School and Hospital of Stomatology, Shandong University & Shandong Key Laboratory of Oral Tissue Regeneration & Shandong Engineering Laboratory for Dental Materials and Oral Tissue Regeneration, Jinan, Shandong, China.
Sichuan University, West China Hospital of Stomatology, Department of Orthodontontics, State Key Laboratory of Oral Disease, National Clinical Research Centre of Oral Disease, Chengdu, China.
DNA Cell Biol. 2020 Apr;39(4):709-723. doi: 10.1089/dna.2019.5272. Epub 2020 Feb 11.
Head and neck squamous cell carcinoma (HNSCC) is the sixth malignancy, which is characterized by poor prognosis or high mortality because of the lack of predicting markers. Aberrant cancer pseudogenes have been found predictive for prognosis.

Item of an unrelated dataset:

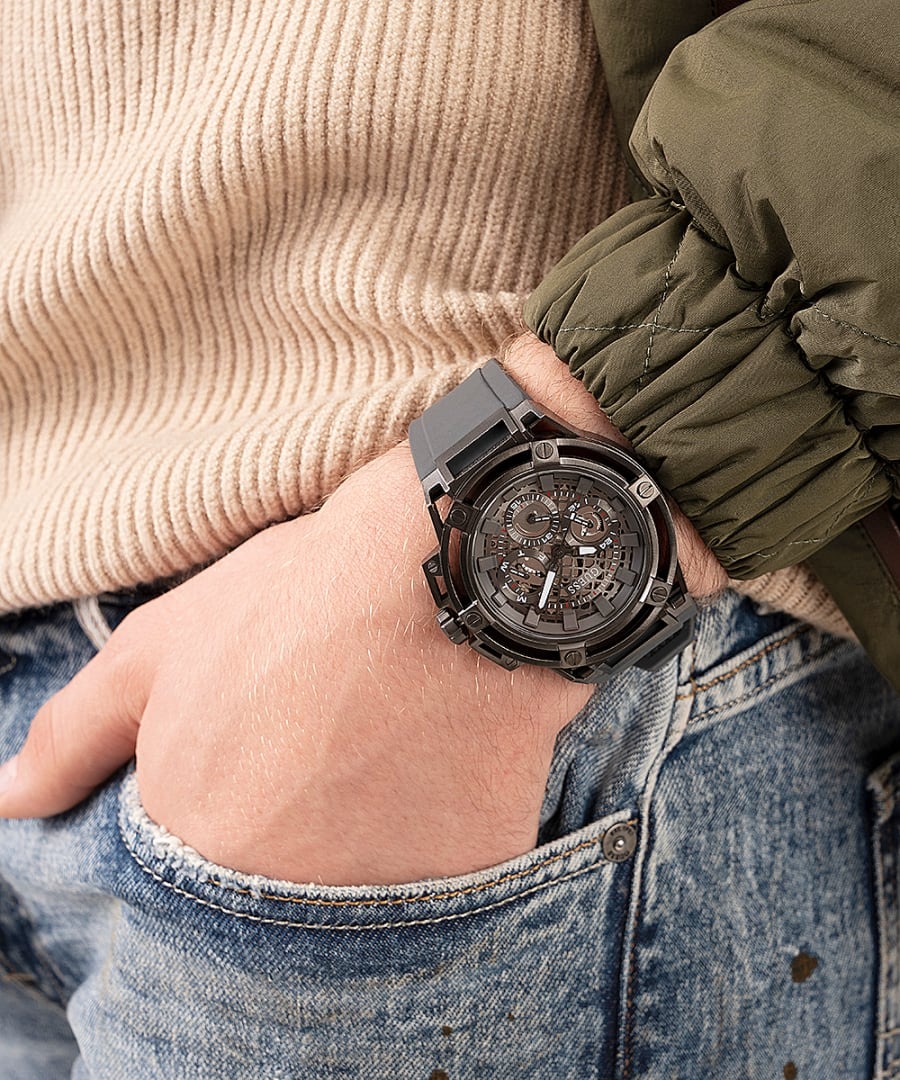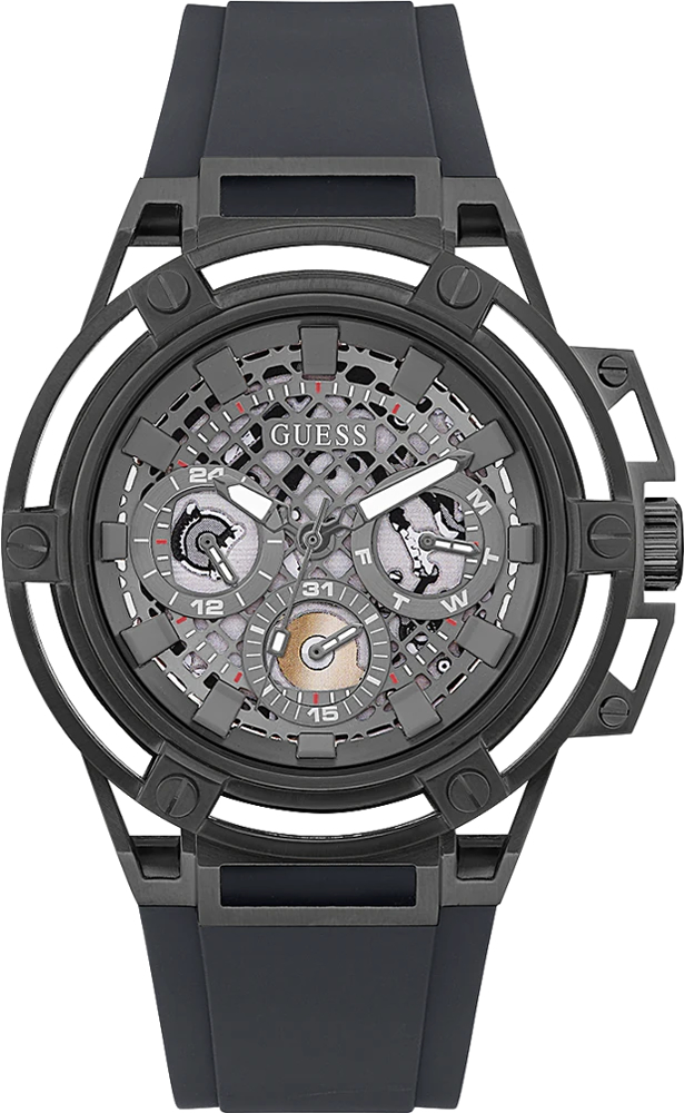 Мужские наручные часы со скелетонизированным циферблатом. На отдельных малых циферблатах отображаются дата, день недели и текущее время в 24-х часовом формате. Заводная головка с защитой. Ремешок с классической застежкой. Гарантия 2 года.

We aim to identify a pseudogene-based prognosis signature for HNSCC by machine learning. RNA-seq data were downloaded from The Cancer Genome Atlas, and 700 differentially-expressed pseudogenes were identified. The survival-related pseudogenes were screened through COX-regression analysis, which includes univariate regression, least absolute shrinkage and selection operator regression, and multivariate regression, and a five-pseudogene signature was constructed. The value of prediction for the signature was validated in multiple subgroups in terms of survival. Gene set enrichment analysis (GSEA) and coexpression analysis were used to determine the underlying biological functions. Seven hundred dysregulated pseudogenes were identified, and the five-pseudogene signature can distinguish the low-risk and high-risk patients for both training and testing sets and predicted prognosis with high sensitivity and specificity. Furthermore, the signature was applicable to patients of different genders, ages, stages, and grades. Coexpression analysis revealed that the five-pseudogene is associated with immune system. GSEA showed cancer-related biological process and pathways the five-pseudogene involved in. The five-pseudogene signature is not only a novel marker for prognosis but also a promising signature for monitoring therapeutic schedule. Therefore, our findings may have potential clinical significance.
头颈部鳞状细胞癌 (HNSCC) 是第六大恶性肿瘤,由于缺乏预测标志物,预后较差或死亡率较高。异常的癌症假基因已被发现具有预测预后的能力。我们旨在通过机器学习确定基于假基因的 HNSCC 预后特征。从癌症基因组图谱下载了 RNA-seq 数据,并鉴定了 700 个差异表达的假基因。通过 COX 回归分析筛选与生存相关的假基因,包括单变量回归、最小绝对值收缩和选择算子回归以及多变量回归,并构建了一个五假基因特征。该特征的预测价值在多个生存亚组中得到了验证。基因集富集分析 (GSEA) 和共表达分析用于确定潜在的生物学功能。鉴定了 700 个失调的假基因,该五假基因特征可以区分训练集和测试集的低风险和高风险患者,并具有高灵敏度和特异性预测预后的能力。此外,该特征适用于不同性别、年龄、分期和分级的患者。共表达分析显示,这五个假基因与免疫系统有关。GSEA 显示了五个假基因涉及的癌症相关生物过程和途径。该五假基因特征不仅是一种新的预后标志物,也是监测治疗方案的有前途的标志物。因此,我们的研究结果可能具有潜在的临床意义。